Narrative Disclosure to Summary Compensation Table
 
Timothy N. Tangredi. We are party to an employment agreement with Mr. Tangredi, our President, Chief Executive Officer, and director, which was amended and restated on September 14, 2011. Mr. Tangredi’s employment agreement provides for an initial term of three years commencing on September 14, 2011 with the term extending on the second anniversary thereof for an additional two-year period and on each subsequent anniversary of the commencement date for an additional year period. Mr. Tangredi’s initial base salary is $200,000. Mr. Tangredi’s base salary shall be increased annually, if applicable, by a sum equal to his current base salary multiplied by one third of the percentage increase in our yearly revenue compared to our prior fiscal year revenue; provided however any annual increase in Mr. Tangredi’s base salary shall not exceed a maximum of 50% for any given year. Any further increase in Mr. Tangredi’s base salary shall be at the sole discretion of our board of directors or compensation committee (if applicable). In addition, Mr. Tangredi will be eligible for bonus compensation at the discretion of board of directors, as well as option-based compensation under our 2009 Plan. Among the option grants Mr. Tangredi is eligible to receive under this agreement is a grant to purchase up to 520,000 shares of common stock upon the successful completion of a secondary public offering. For a full description of the terms of our agreement with Mr. Tangredi, please refer to the section below entitled “Certain Relationships and Related Party Transactions —Employment Agreements.”

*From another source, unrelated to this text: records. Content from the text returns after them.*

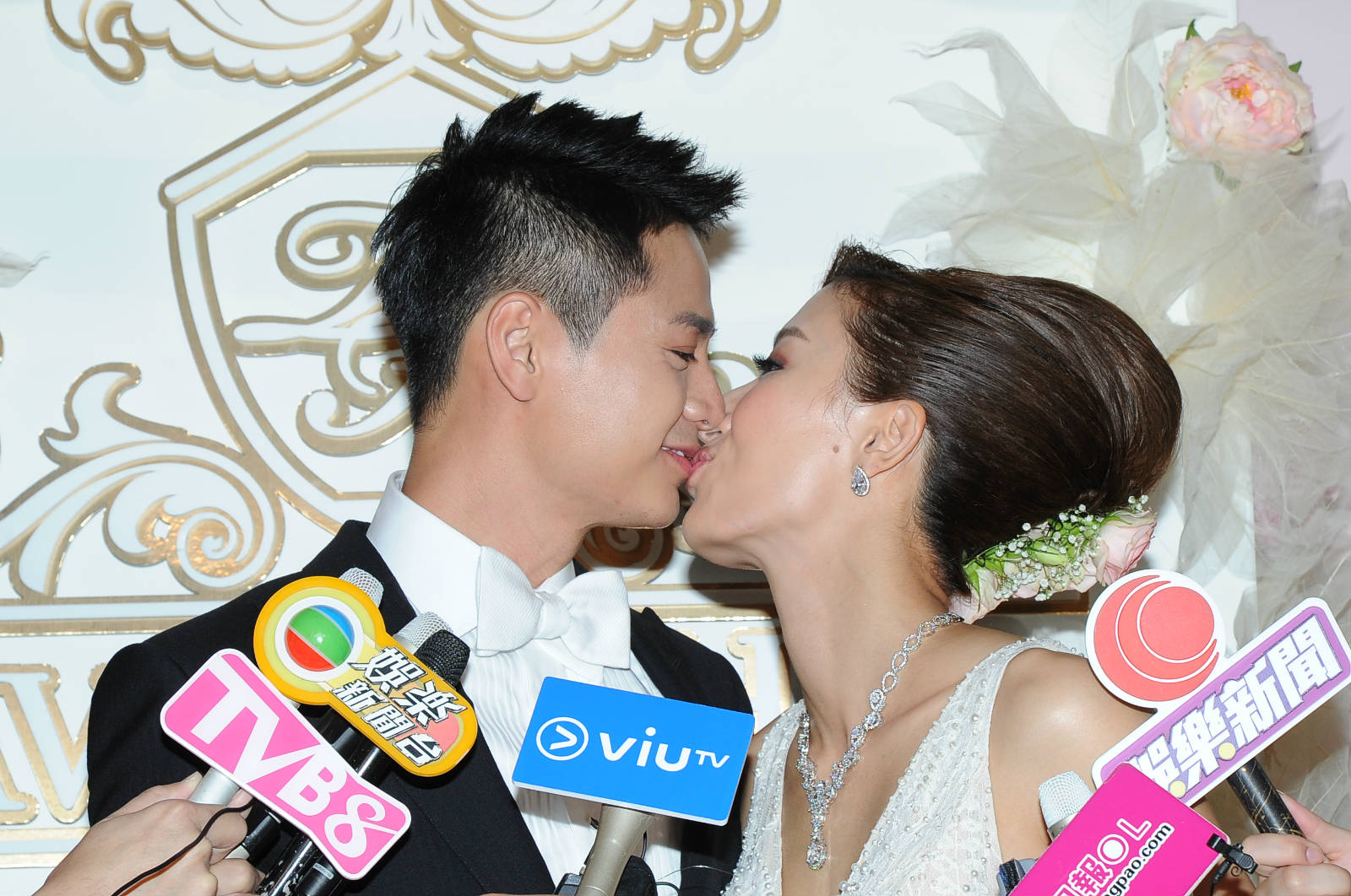 接受媒体采访时,一对新人大秀恩爱,罗仲谦更当众表演“啄木鸟”式接吻,连吻杨怡6次,再应要求与太太情深接吻达10秒之久,洋溢着甜蜜幸福。
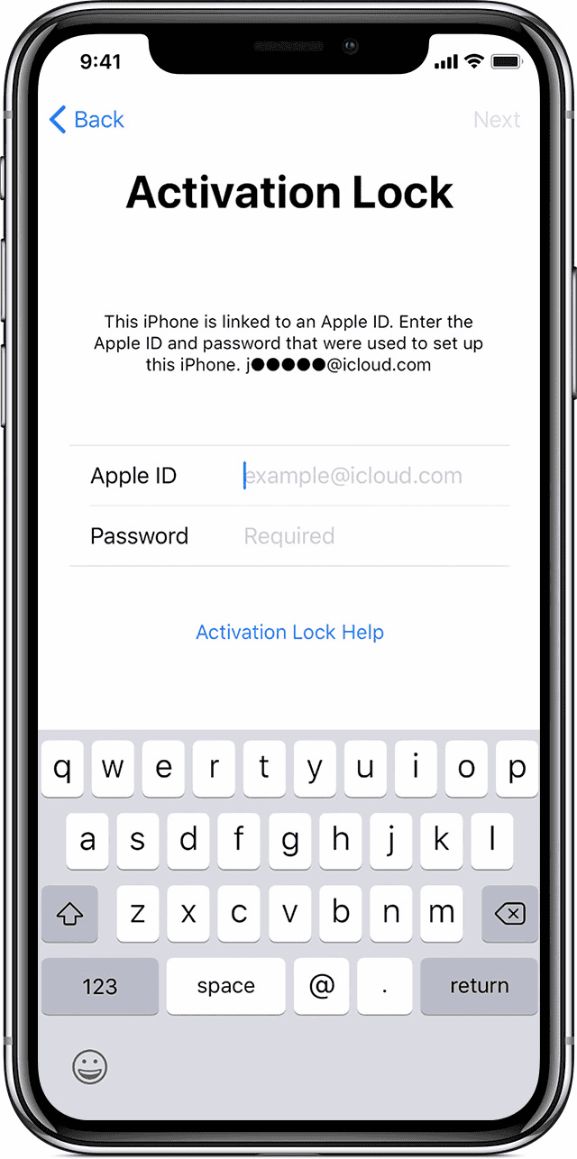 iPhoneをオンにできる場合は、スタートアッププロセスに細心の注意を払ってください。最初のセットアップ画面の後に前の所有者のApple IDとパスワードを求める画面が表示されている場合、電話はiCloudロックされています。
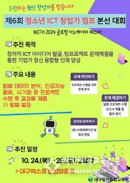 [대한민국교육신문] 대구창의융합교육원은 10월 24일부터 10월 25일까지 대구엑스코 컨벤션홀B에서‘제6회 청소년 ICT창업가 캠프 본선 대회’를 개최한다.
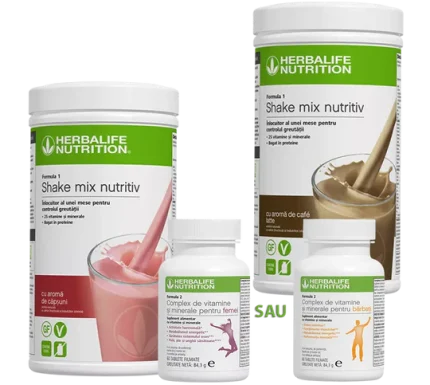 Herbalife Formula 1 – înlocuitor de hrana echilibrat, delicios, foarte hrănitor, cu proteine usor asimilabile disponibil in 10 variante de arome: Piersici si Lychee , Yuzu și Fructul Pasiunii , Cafe Latte, Fursecuri si Frisca, Vanilie, Caramel Sarat, Ciocolata, Ciocolata si menta, Căpșuni, Banane, Fructe de Padure.
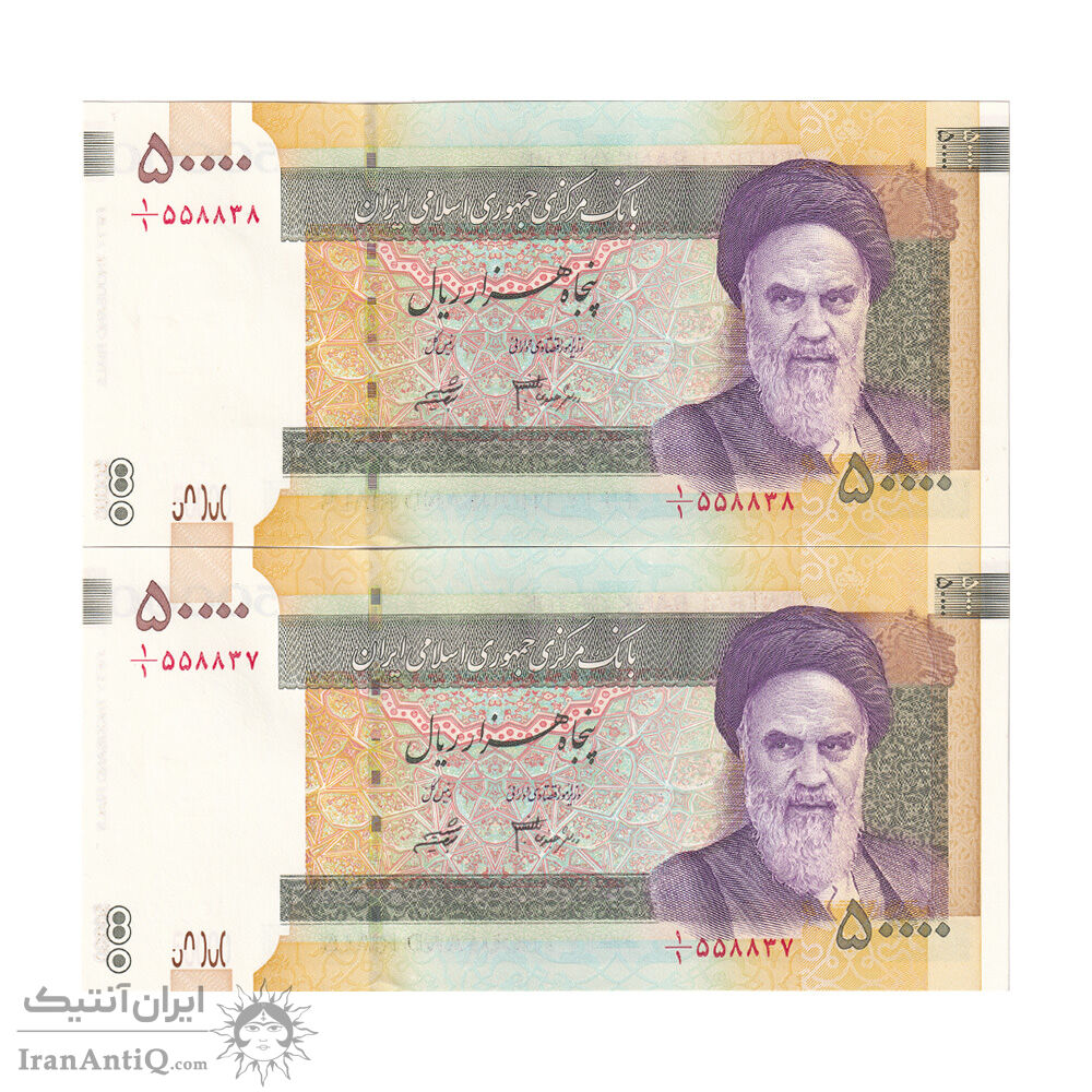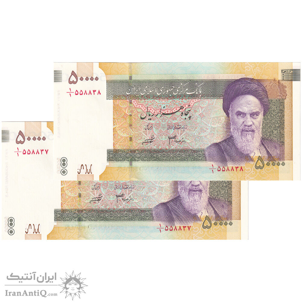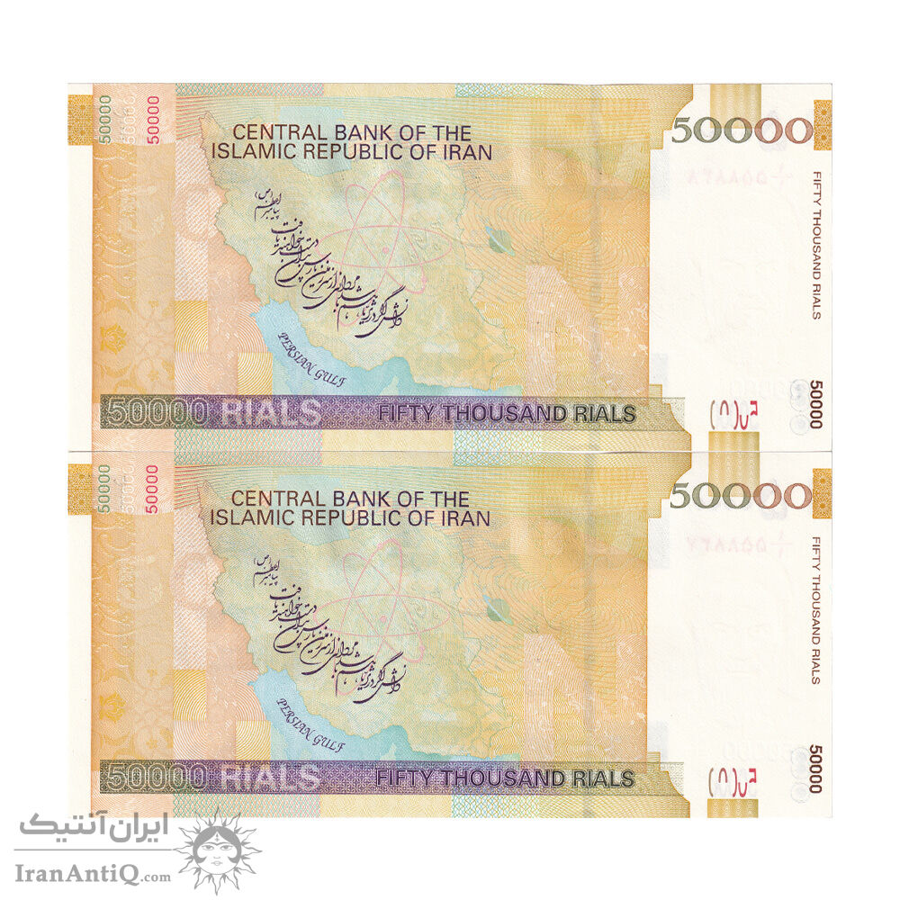 اسکناس 50000 ریال (جعفری - شیبانی) فیلیگران 50000 بزرگ - یک یکم - جفت - UNC63 - جمهوری اسلامی
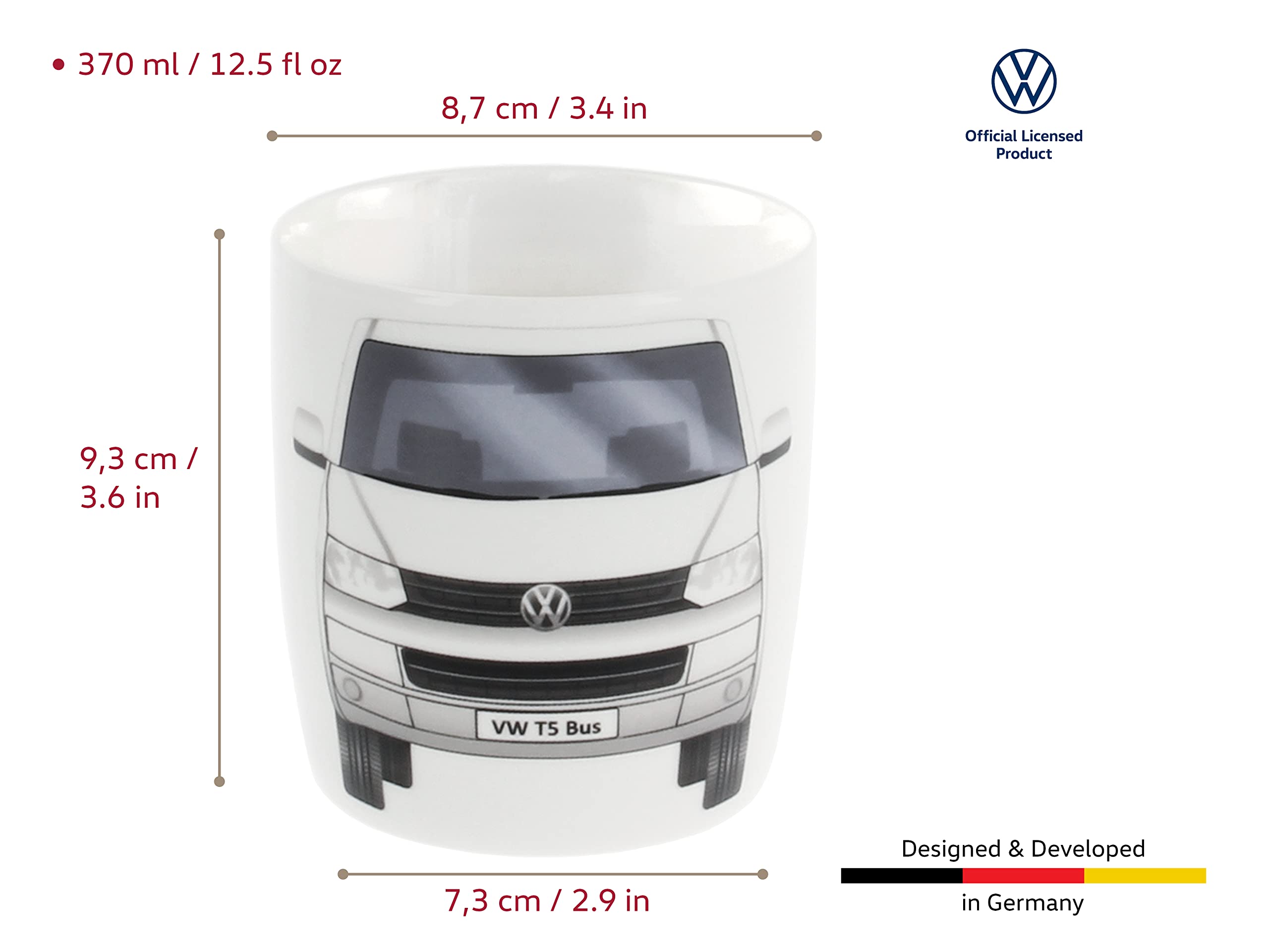- OFFICIALLY LICENSED: The stylish coffee mug in VW T5 Bus design is an officially licensed Volkswagen product. All our items are developed in Germany to meet our high quality standards.
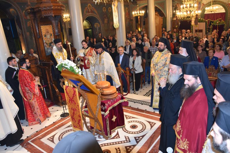 Ευχαρίστησε επίσης τον συμπαραστάτη του στην διακονία της Ι. Μητροπόλεως, Θεοφιλέστατο Επίσκοπο Σκοπέλου κ. Νικόδημο, για τη συμμετοχή του στον εορτασμό και συνεχάρη τον προϊστάμενο της Ενορίας αρχιμ. Αιμιλιανό Χρήστου, τους συνεφημερίους του και τους περί αυτούς λαϊκούς εθελοντές της επιτυχημένης διεξαγωγής των ΛΓ΄ Δημητρίων και την ετοιμασία της πανηγύρεως, ενώ ευχήθηκε πατρικά σε όσες και όσους εορτάζουν και ευχαρίστησε, για την παρουσία τους, τους αιρετούς άρχοντες και τους πολυάριθμους προσκυνητές της Παναγίας και του μυροβλήτη αγίου.
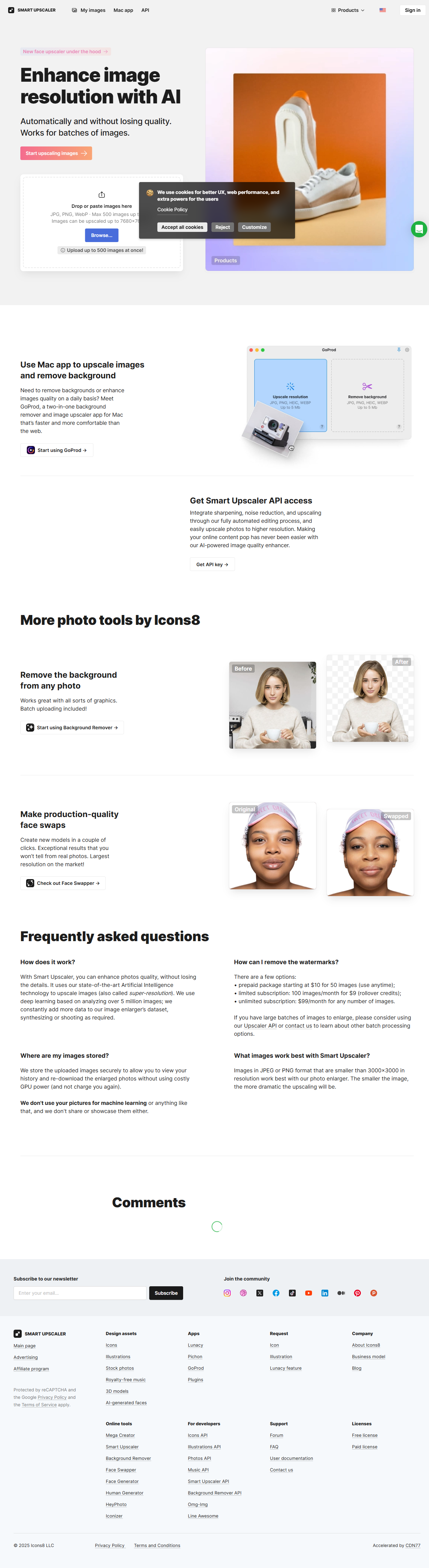 Icons8 Upscaler 是 Icons8 旗下的 AI 图像放大平台,主打“一键无损放大”。它基于深度学习超分辨率算法,可把 1×~8× 的小图标、照片、插画等放大,同时自动降噪、锐化边缘、补全细节,输出最高 7680 px 的 PNG/JPEG。界面极简,无需注册即可试用;注册后享批量、历史记录与 API。支持中英界面,服务器位于全球 CDN,上传即处理,数秒完成。除网页版外,还提供 Windows/macOS 桌面客户端与 Figma、Photoshop 插件,方便设计师嵌入原有工作流。

Scott G. Ehrenberg. In 2010, Mr. Ehrenberg, our Chief Technology Officer and Secretary, received a salary of $74,808 and he was granted an option to purchase up to 375,000 shares of common stock at an exercise price of $0.30 per share. The value of this option is approximately $89,877. In January and April of 2011, our Board granted Mr. Ehrenberg an option to purchase 625,000 shares at an exercise price of $.30 per share and 75,000 shares of our common stock at an exercise price of $0.40. The value of these options were $184,557 and $29,499, respectively. The above options were granted pursuant to the terms and conditions of the 2009 Long Term Incentive Plan. On May 24, 2011 we entered into an employment agreement with Mr. Ehrenberg. Mr. Ehrenberg’s employment agreement provides for an initial term of two years with the term extending on the second anniversary thereof for an additional one year period and on each subsequent anniversary of the agreement for an additional year period. Mr. Ehrenberg’s initial base salary is $110,000, with an increase to $165,000 per annum after the date on which we obtain $10 million or more in equity financing ("Offering"). Additionally, at the discretion of our board of directors and its compensation committee, Mr. Ehrenberg may be eligible for an annual bonus which amount, if any, will not be below 50% of his effective base salary and not exceeding 100% of his then effective base salary; provided that, under certain extraordinary circumstances, Mr. Ehrenberg may be eligible for an annual bonus greater than 150% of his then effective base salary. After the completion of an Offering, Mr. Ehrenberg is eligible to receive a one-time payment of $20,000 for each U.S. patent of which he is the originator and the first name listed on the patent as inventor of the intellectual property described in such patent. In addition to any other compensation which Mr. Ehrenberg may receive under the agreement, he will be granted a stock option to purchase 40,000 shares of common stock at the end of each year or on the annual anniversary of the agreement, whichever is mutually acceptable to the Company and Mr. Ehrenberg. For a full description of the terms of our agreement with Mr. Ehrenberg, please refer to the section below entitled “Certain Relationships and Related Party Transactions — Employment Agreements.”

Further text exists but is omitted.